Элеонора невольно опешила и забыла, что держит руки над огнём. Внезапно одно полено зашипело и выстрелило резким язычком пламени. Вылетевшая искорка слегка обожгла нежную кожу де Тораль.

— Ай! Ты с ума сошла!? — Элеонора затрясла рукой, пытаясь охладить полученный ожог.

— А что? А ты слышала? А ты слышала…, - обвиняюще направила палец на сестру Эльвира, — что Эрнандо Гарсия именуется сейчас Гарсия-и-Монтеро де Тортуга. Это великая честь!

— Нет, не слышала. С чего ты это взяла! Ты же только что сказала про Макса?

— Ммм, сестрёнка, а ты, оказывается, вращаешься совсем не в тех кругах, в которых можно узнать что-то полезное для себя. И плевать на Макса.

— Ты-то больно умная и знающая, откуда узнала?

— Не скажу, мммм! — Эльвира высунула розовый язычок.

— Дура! — прокомментировала сестра. — Ладно, получил он смешную приставку к фамилии, ну и что?

— Ничего, — пожала плечами Эльвира. — Вот только ходят упорные слухи, что он взял огромный куш с пиратов. Будто бы это именно он обстрелял город Рабат в Африке. Все пираты Магриба стояли на ушах два месяца. Сначала они боялись выходить из портов, потом собирали силы и, наконец, стали его искать.

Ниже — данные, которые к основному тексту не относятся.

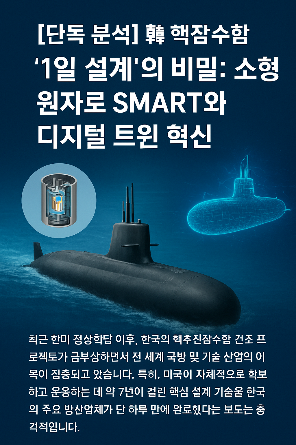 최근 한미 정상회담 이후, 한국의 핵추진잠수함 건조 프로젝트가 급물살을 타면서 전 세계 국방 및 기술 산업의 이목이 집중되고 있습니다. 특히, 미국이 자체적으로 확보하고 운용하는 데 약 7년이 걸린 핵심 설계 기술을 한국의 주요 방산업체가 단 하루 만에 완료했다는 보도는 충격적입니다. 이 놀라운 속도의 이면에는 무엇이 있을까요? 본 문서는 한국이 이미 수십 년간 축적해 온 소형 원자로(SMART) 기술, 첨단 디지털 트윈 인프라, 그리고 숙련된 엔지니어링 역량이 어떻게 이 '불가능해 보이는 성과'를 가능하게 했는지 심층적으로 분석합니다.

— Это не он, Гарсия слишком слаб для этого.

— Возможно, — недовольно дёрнула плечиком Эльвира, — но сегодня я узнала потрясающую новость. Оказывается, Гарсия собрал эскадру в Новом Свете и разгромил самого Генри Моргана, взяв богатую добычу. Представляешь?

— Идиот, — только и смогла сказать Элеонора.

— Почему идиот? — не поняла Эльвира.

— По той же причине, что и ты.

— Яяяя?

— Тыыыы!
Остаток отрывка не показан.